*** Given data Section Begins ***
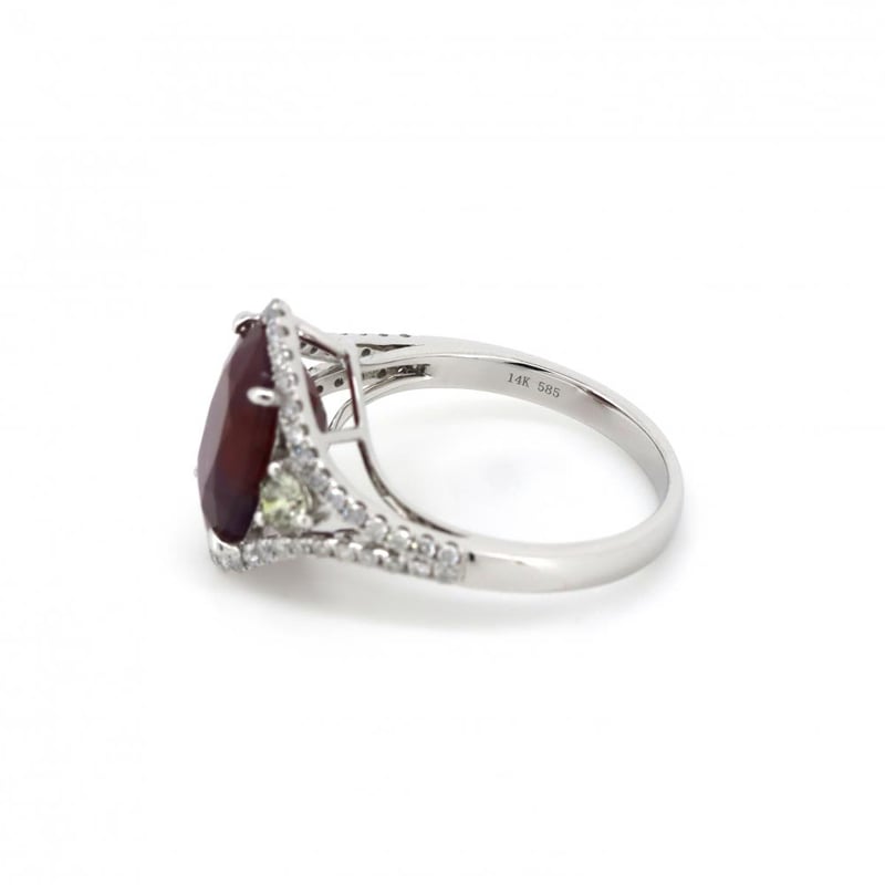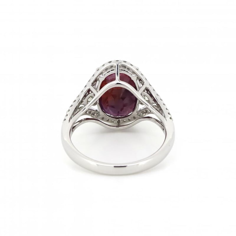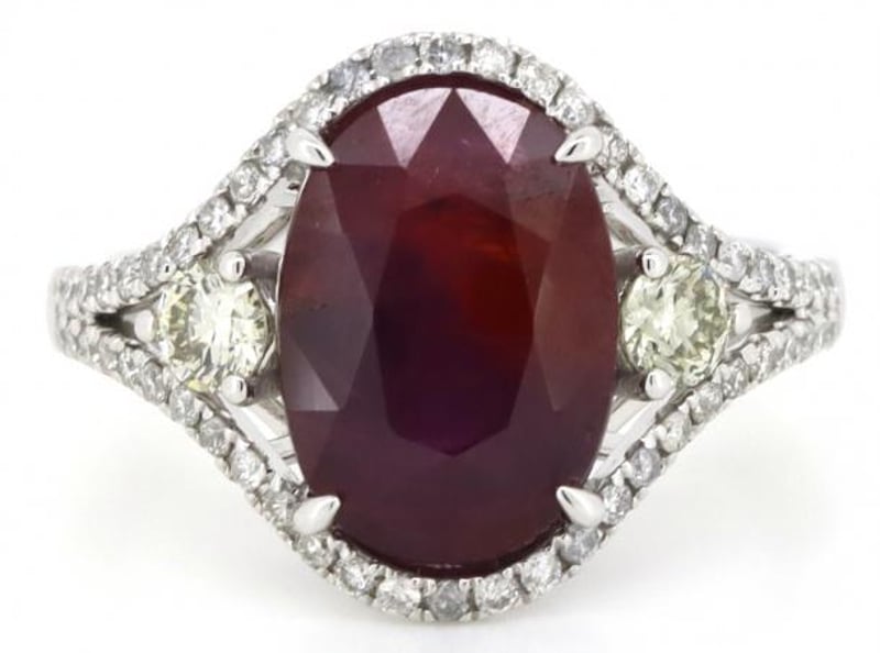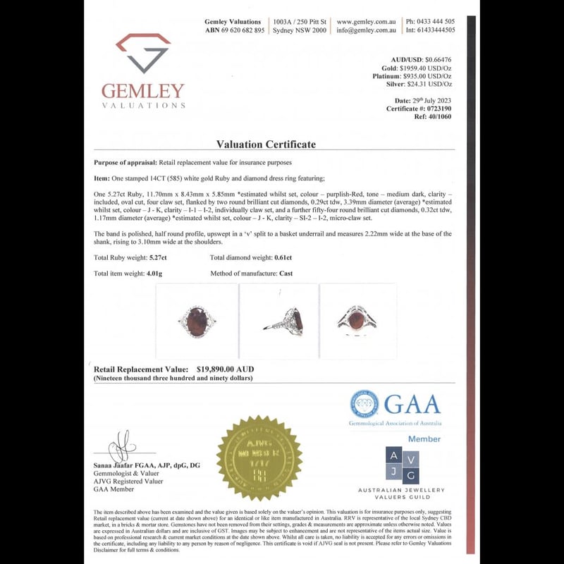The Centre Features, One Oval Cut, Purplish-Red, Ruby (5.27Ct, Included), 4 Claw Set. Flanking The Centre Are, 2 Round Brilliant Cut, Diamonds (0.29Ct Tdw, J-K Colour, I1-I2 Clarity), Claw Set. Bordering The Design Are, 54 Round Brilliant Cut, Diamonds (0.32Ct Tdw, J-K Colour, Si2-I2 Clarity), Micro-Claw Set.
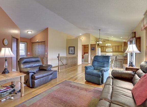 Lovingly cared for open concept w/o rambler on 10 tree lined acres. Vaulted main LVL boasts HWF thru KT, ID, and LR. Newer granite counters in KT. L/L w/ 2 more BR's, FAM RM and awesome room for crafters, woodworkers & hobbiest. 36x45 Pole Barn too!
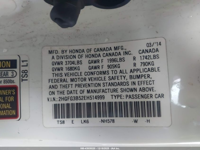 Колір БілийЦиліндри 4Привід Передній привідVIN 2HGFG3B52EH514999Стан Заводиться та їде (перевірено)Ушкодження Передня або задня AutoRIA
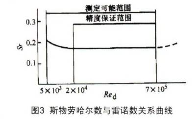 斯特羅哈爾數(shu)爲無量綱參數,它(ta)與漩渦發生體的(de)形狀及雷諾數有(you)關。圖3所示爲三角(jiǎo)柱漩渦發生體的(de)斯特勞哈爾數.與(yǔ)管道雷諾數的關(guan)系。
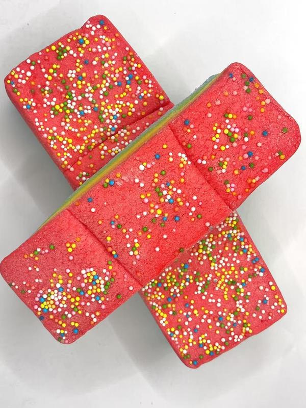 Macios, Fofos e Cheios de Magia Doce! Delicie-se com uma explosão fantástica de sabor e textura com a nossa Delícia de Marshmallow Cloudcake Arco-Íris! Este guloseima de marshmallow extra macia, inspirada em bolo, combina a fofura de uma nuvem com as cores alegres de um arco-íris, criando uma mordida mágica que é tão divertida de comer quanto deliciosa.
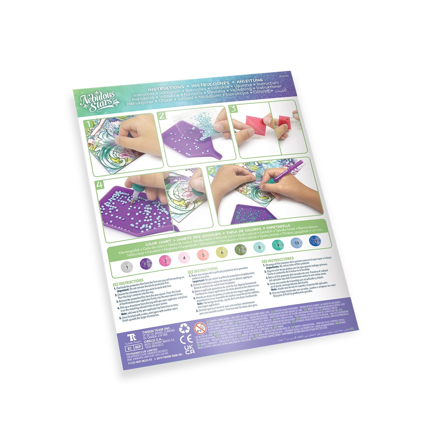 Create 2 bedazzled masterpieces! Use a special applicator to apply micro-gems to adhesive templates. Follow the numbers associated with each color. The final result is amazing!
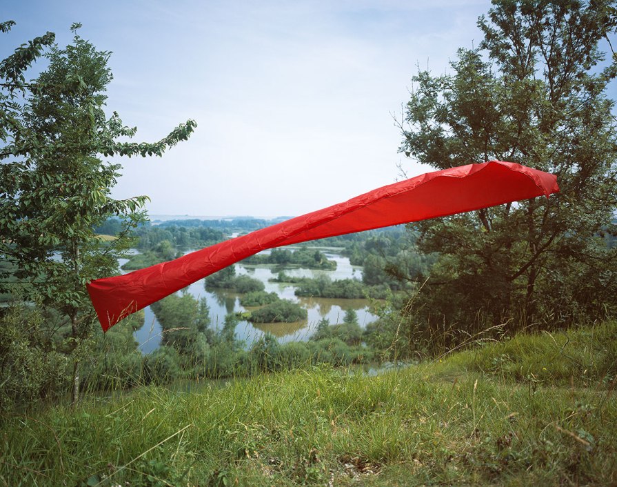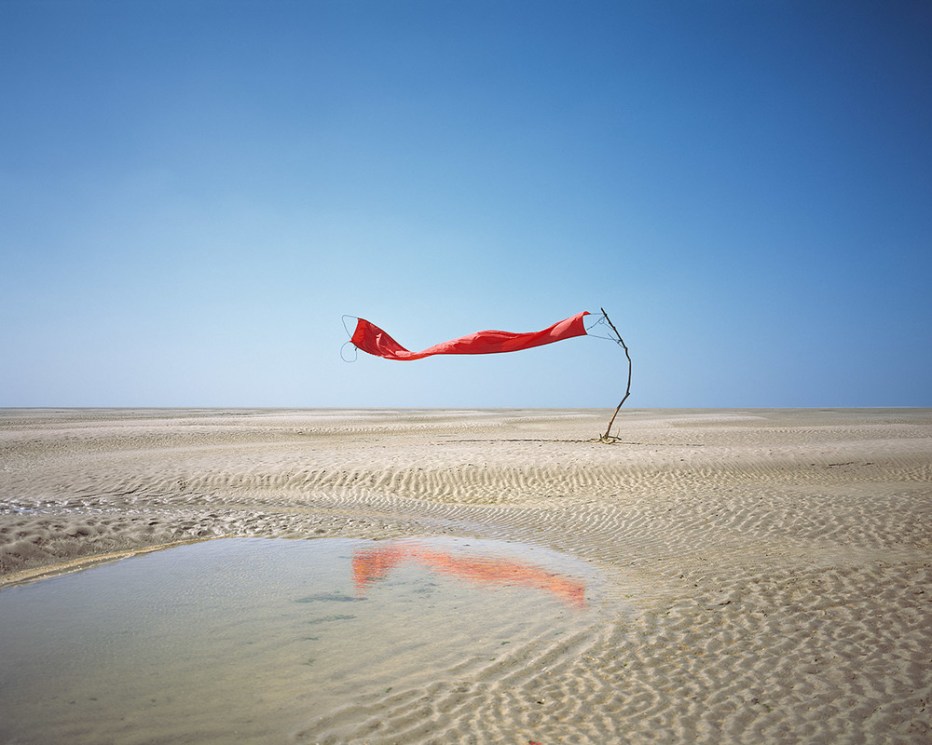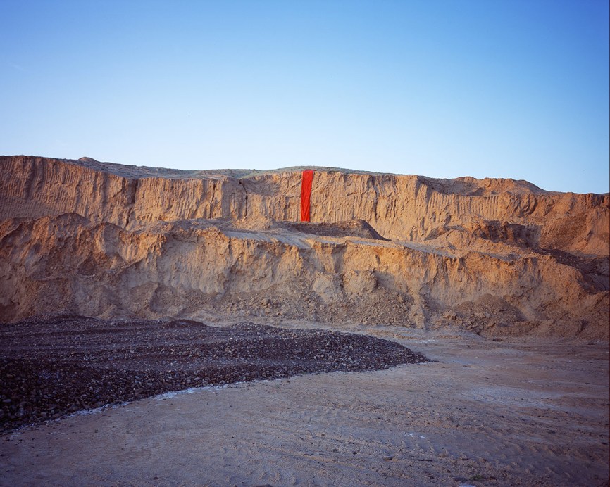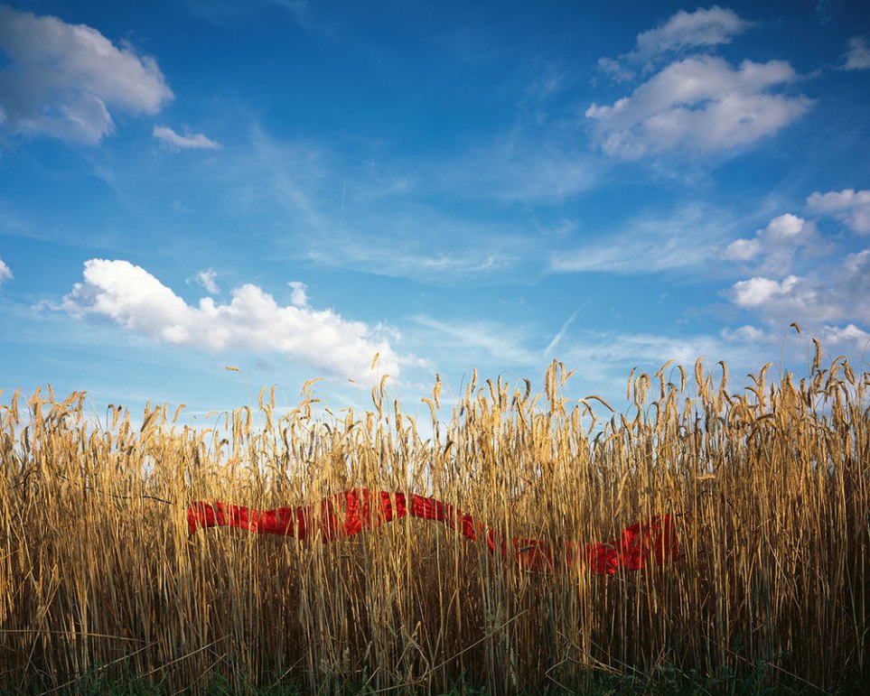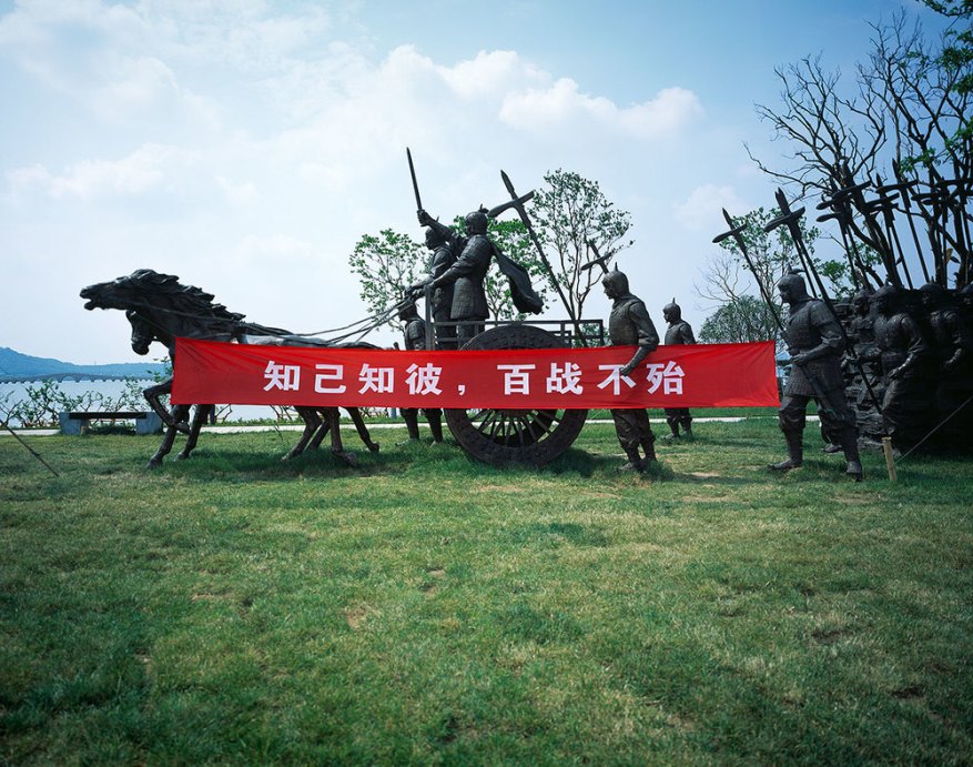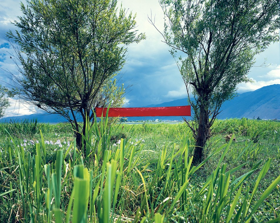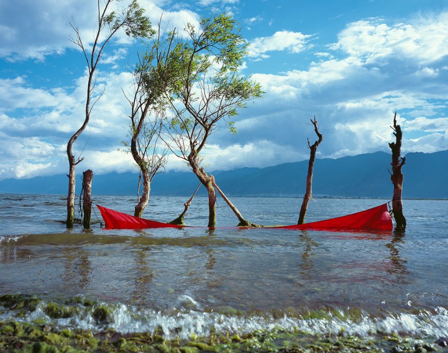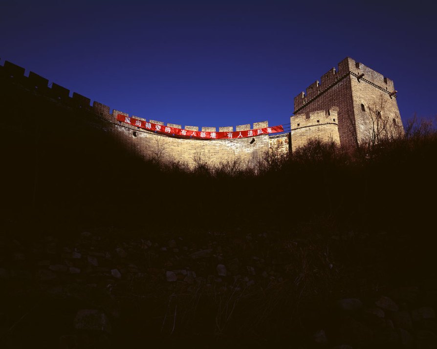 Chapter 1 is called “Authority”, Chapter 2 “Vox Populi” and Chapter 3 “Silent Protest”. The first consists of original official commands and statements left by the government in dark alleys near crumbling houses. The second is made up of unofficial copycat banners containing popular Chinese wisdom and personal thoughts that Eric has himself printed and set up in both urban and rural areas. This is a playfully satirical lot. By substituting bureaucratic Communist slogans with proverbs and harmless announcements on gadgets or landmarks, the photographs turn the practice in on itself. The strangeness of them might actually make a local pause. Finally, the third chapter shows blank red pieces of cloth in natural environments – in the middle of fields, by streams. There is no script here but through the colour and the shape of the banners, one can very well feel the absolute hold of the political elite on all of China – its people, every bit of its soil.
*** Given data Section Ends ***
The data above holds the lines to copy: start at the one with "Macios, Fofos e", stop at the one with "Create 2 bedazzled", include both, copy them exactly without pictures, and copy nothing else.

[Solution below]
 Macios, Fofos e Cheios de Magia Doce! Delicie-se com uma explosão fantástica de sabor e textura com a nossa Delícia de Marshmallow Cloudcake Arco-Íris! Este guloseima de marshmallow extra macia, inspirada em bolo, combina a fofura de uma nuvem com as cores alegres de um arco-íris, criando uma mordida mágica que é tão divertida de comer quanto deliciosa.
 Create 2 bedazzled masterpieces! Use a special applicator to apply micro-gems to adhesive templates. Follow the numbers associated with each color. The final result is amazing!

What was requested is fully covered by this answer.